One key to Dembo’s approach is getting students to examine what they really want out of life and to establish specific goals in that direction.
“Research has shown that the more specific and proximal a goal, the more motivated and persistent a person will become in achieving those goals,” he said. “Goals tell you where you’re headed, how far you’ve gone, what you’ve got to do to adjust your behavior to get to the goal.”
From there, getting a student in shape involves developing time management skills, he believes. To convince his students, Dembo asks them to spend a week charting how they spend every hour of every day.
“Many will say, ‘Gee, I didn’t realize I was spending four hours a day watching TV or two hours a day talking with friends,’” Dembo said.
Borrowing a page from executive development courses, Dembo illustrates ways to prioritize the many competing demands on a student’s time.
In the quest to become better test takers, Dembo’s students dip into the latest research on memory and learning. For help in more sophisticated forms of intellectual processing, he teaches them how to assemble material into maps, charts, tables and matrixes.

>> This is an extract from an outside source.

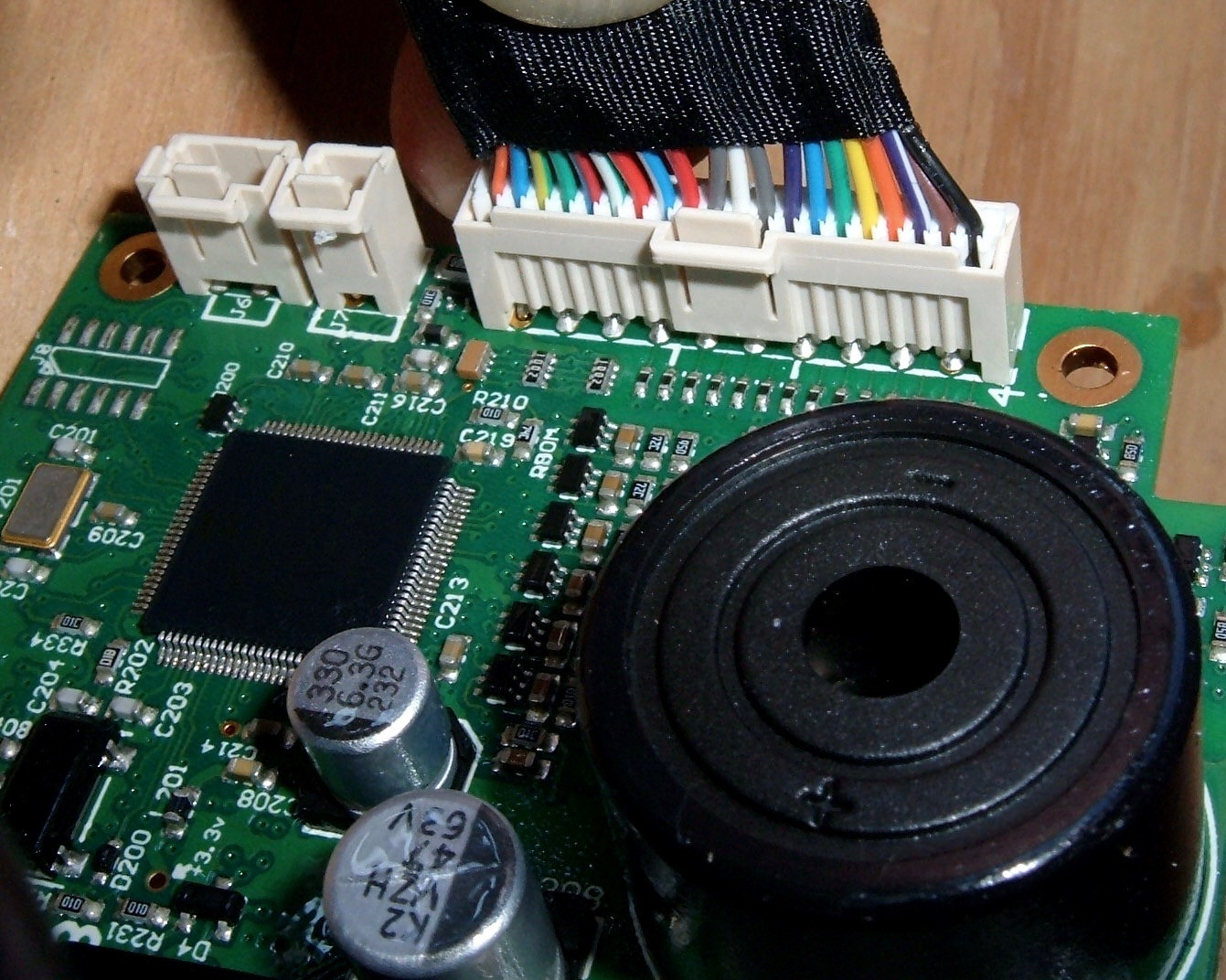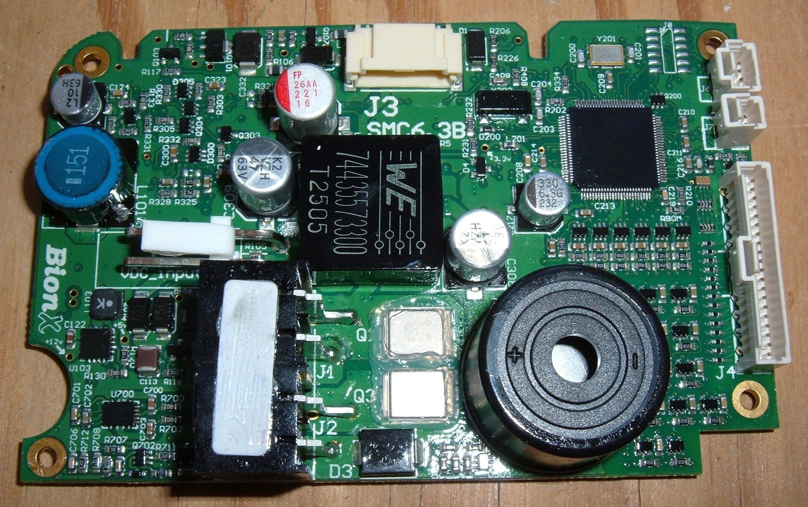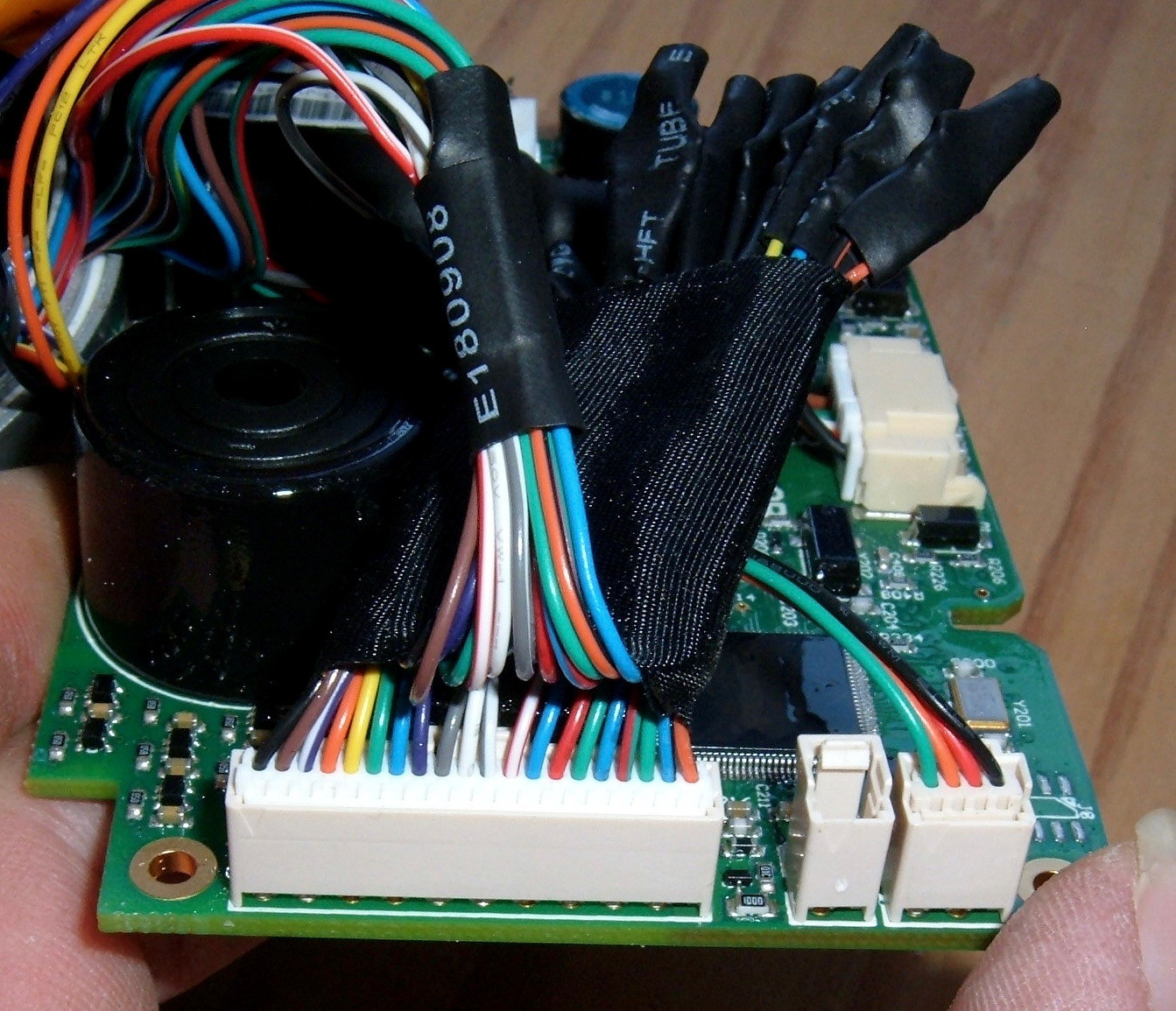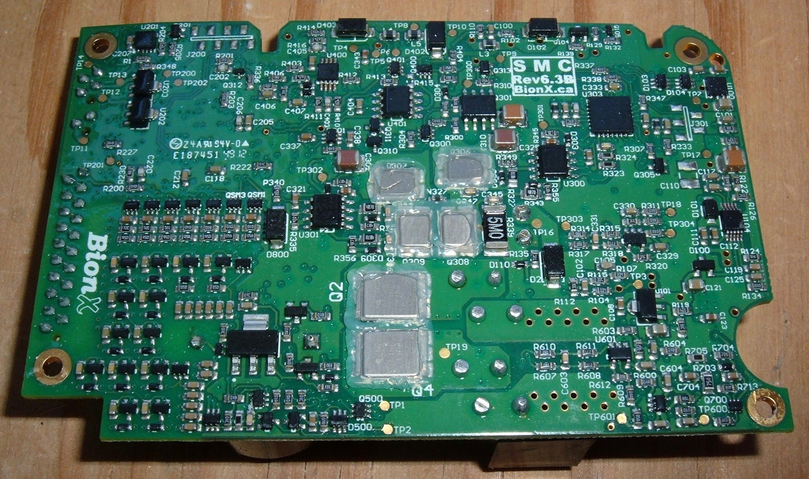 Of note, the whole board has a conformal coating - you can see the somewhat uneven surface in the flash glare at the bottom.  This is good - conformal coating a protective layer that keeps water and dust away from board components, and I’m glad BionX is doing this.  The very oldest packs I’ve worked with don’t have any sort of coating, but everything newer does.  This is better done than some of the boards, as the buzzer isn’t covered - I suspect this is why some BionX packs have a loud beep and others of the same generation have a very quiet beep.  In any case, I’m happy to see the coating.

Dembo also teaches them a form of note taking where they generate potential test questions from their notes.
Amy Strook, who took the course in 1995, is working on her master’s degree at USC while teaching school in Redondo Beach. To this day, when Strook reviews class notes, she jots down questions suggested by the notes in the left-hand margin. To review for tests, Strook merely practices answering those questions.
“It’s still one of the most inspiring classes I’ve had in college,” Strook said of EPT 110. “It gave me a great base.”